WHAT THE TASK ASKS:
Would you give the listing again exactly as written, minus its pictures?

DATA EXCERPTS:
--- --- ---

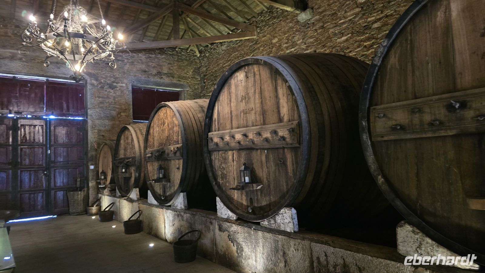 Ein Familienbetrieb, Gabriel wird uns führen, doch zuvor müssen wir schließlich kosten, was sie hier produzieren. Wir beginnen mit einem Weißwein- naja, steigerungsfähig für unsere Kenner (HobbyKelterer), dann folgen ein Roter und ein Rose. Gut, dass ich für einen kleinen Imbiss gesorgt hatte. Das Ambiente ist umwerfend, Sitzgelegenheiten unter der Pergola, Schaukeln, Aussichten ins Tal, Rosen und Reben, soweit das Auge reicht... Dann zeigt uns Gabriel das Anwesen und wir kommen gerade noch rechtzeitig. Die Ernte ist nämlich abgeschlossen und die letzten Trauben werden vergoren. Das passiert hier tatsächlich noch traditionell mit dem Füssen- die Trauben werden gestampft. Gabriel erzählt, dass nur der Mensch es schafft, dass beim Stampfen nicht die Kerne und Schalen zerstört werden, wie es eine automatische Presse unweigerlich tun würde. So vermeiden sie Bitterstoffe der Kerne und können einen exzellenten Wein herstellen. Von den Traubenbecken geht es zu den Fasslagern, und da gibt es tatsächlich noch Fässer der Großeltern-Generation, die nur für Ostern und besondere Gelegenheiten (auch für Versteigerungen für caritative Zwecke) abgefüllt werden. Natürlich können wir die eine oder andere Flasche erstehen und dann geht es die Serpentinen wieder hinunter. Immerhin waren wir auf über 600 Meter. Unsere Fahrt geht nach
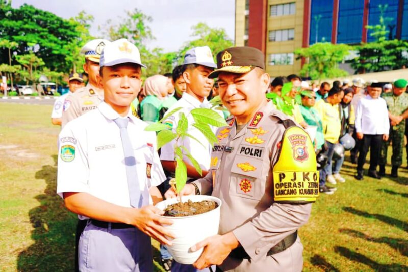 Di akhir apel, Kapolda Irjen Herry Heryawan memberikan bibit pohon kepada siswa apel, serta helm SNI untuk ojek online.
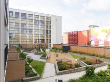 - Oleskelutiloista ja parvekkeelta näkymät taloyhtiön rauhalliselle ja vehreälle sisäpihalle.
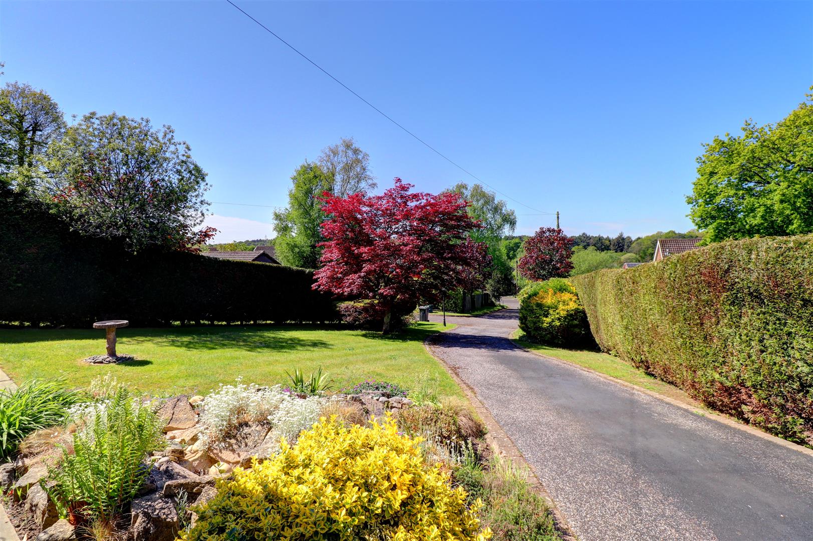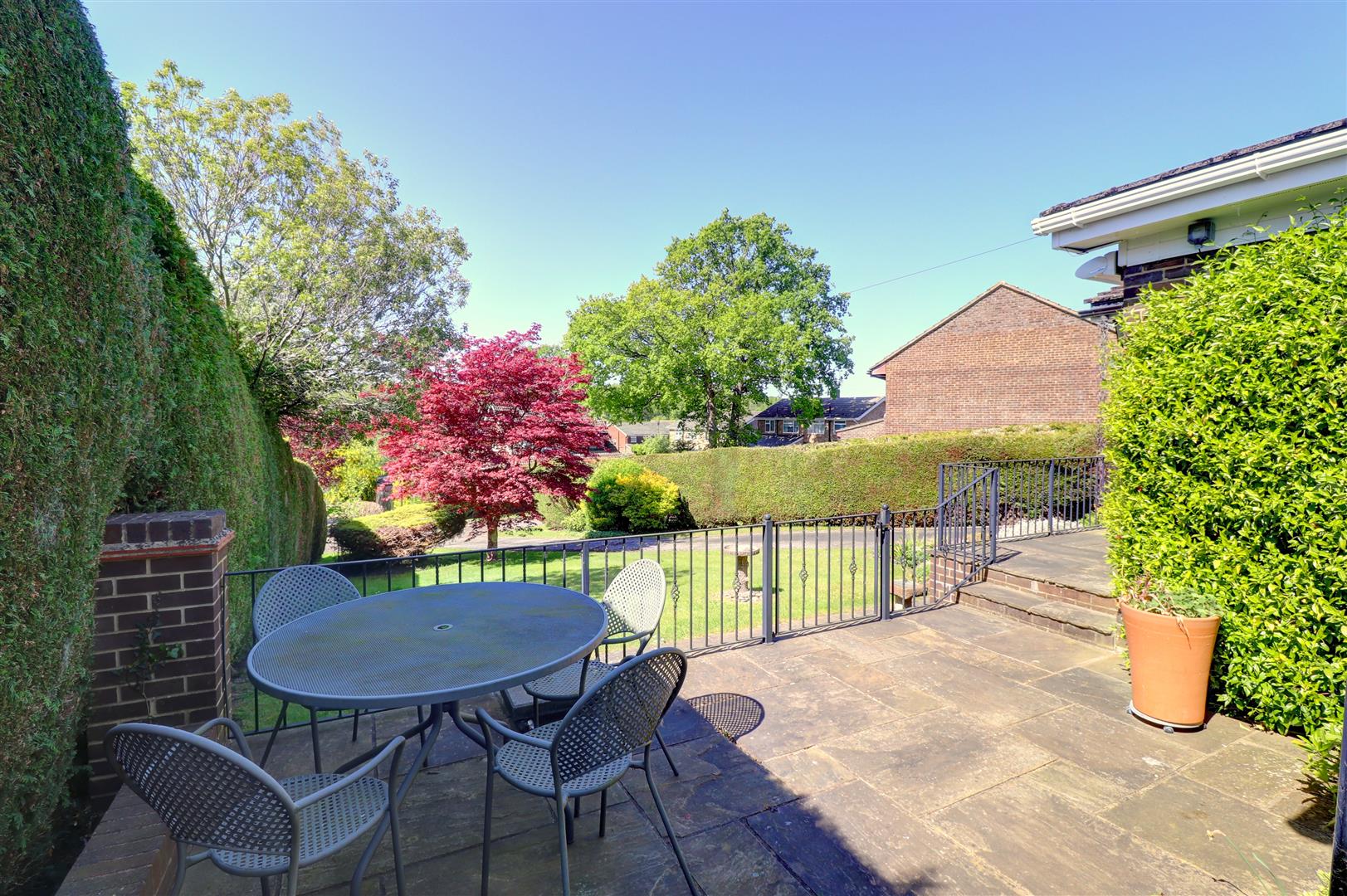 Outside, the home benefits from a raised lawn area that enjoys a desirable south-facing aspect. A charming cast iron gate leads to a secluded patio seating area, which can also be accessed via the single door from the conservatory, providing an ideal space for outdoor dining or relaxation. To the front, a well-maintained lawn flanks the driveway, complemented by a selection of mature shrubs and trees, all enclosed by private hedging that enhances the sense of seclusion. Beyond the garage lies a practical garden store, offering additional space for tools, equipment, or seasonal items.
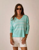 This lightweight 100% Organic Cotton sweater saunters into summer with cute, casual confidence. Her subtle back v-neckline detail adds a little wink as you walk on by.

--- --- ---

RESPONSE TO THE EXERCISE:
 Ein Familienbetrieb, Gabriel wird uns führen, doch zuvor müssen wir schließlich kosten, was sie hier produzieren. Wir beginnen mit einem Weißwein- naja, steigerungsfähig für unsere Kenner (HobbyKelterer), dann folgen ein Roter und ein Rose. Gut, dass ich für einen kleinen Imbiss gesorgt hatte. Das Ambiente ist umwerfend, Sitzgelegenheiten unter der Pergola, Schaukeln, Aussichten ins Tal, Rosen und Reben, soweit das Auge reicht... Dann zeigt uns Gabriel das Anwesen und wir kommen gerade noch rechtzeitig. Die Ernte ist nämlich abgeschlossen und die letzten Trauben werden vergoren. Das passiert hier tatsächlich noch traditionell mit dem Füssen- die Trauben werden gestampft. Gabriel erzählt, dass nur der Mensch es schafft, dass beim Stampfen nicht die Kerne und Schalen zerstört werden, wie es eine automatische Presse unweigerlich tun würde. So vermeiden sie Bitterstoffe der Kerne und können einen exzellenten Wein herstellen. Von den Traubenbecken geht es zu den Fasslagern, und da gibt es tatsächlich noch Fässer der Großeltern-Generation, die nur für Ostern und besondere Gelegenheiten (auch für Versteigerungen für caritative Zwecke) abgefüllt werden. Natürlich können wir die eine oder andere Flasche erstehen und dann geht es die Serpentinen wieder hinunter. Immerhin waren wir auf über 600 Meter. Unsere Fahrt geht nach
 Di akhir apel, Kapolda Irjen Herry Heryawan memberikan bibit pohon kepada siswa apel, serta helm SNI untuk ojek online.
 - Oleskelutiloista ja parvekkeelta näkymät taloyhtiön rauhalliselle ja vehreälle sisäpihalle.
 Outside, the home benefits from a raised lawn area that enjoys a desirable south-facing aspect. A charming cast iron gate leads to a secluded patio seating area, which can also be accessed via the single door from the conservatory, providing an ideal space for outdoor dining or relaxation. To the front, a well-maintained lawn flanks the driveway, complemented by a selection of mature shrubs and trees, all enclosed by private hedging that enhances the sense of seclusion. Beyond the garage lies a practical garden store, offering additional space for tools, equipment, or seasonal items.
 This lightweight 100% Organic Cotton sweater saunters into summer with cute, casual confidence. Her subtle back v-neckline detail adds a little wink as you walk on by.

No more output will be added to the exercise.